It is true that women participate in government and their numbers have increased since they started. And, yes, there are some very visible women but their visibility creates a false sense of influence and parity.

Again, why does it matter?

Well, first, there's the basic issue of the value of a representative democracy to citizens and pretending that we have one. We're attached to that idea. Second, young girls can't be what they can't see -- it's a vicious circle. Third, there is the matter of how women operate as elected officials. Despite their low numbers, female elected officials make a difference in the issues they prioritize, the bills they sponsor and cosponsor, the output they generate, and the extent to which they mobilize their constituents.

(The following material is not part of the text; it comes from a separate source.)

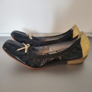 Inspired by the Paris fashion scene and made in France, these black and cream slip-on shoes by Un Tour En Ville (UTV) are effortlessly sophisticated. They feature a square toe with a sweet bow, a 1” (2.5cm) block heel, and rubber soles. The cushioned insoles and the elasticized tops that gently hug your feet make them comfortable for all day wear (they’re also ideal for travel). They are in very good condition.
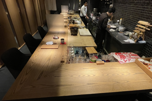 美しい杢目が印象的な和食の名店

Many people just believe that women aren't interested, not ambitious enough, can't be bothered with all the ugliness of the public political sphere. However, the reasons are more complex. The study, completed by Professor Jennifer Lawless of American University's Women & Politics Institute and based on interviews with 4,000 male and female potential candidates for office, revealed the following:

"1. Women are substantially more likely than men to perceive the electoral environment as highly competitive and biased against female candidates.

2. Hillary Clinton and Sarah Palin's candidacies aggravated women's perceptions of gender bias in the electoral arena.

3. Women are much less likely than men to think they are qualified to run for office.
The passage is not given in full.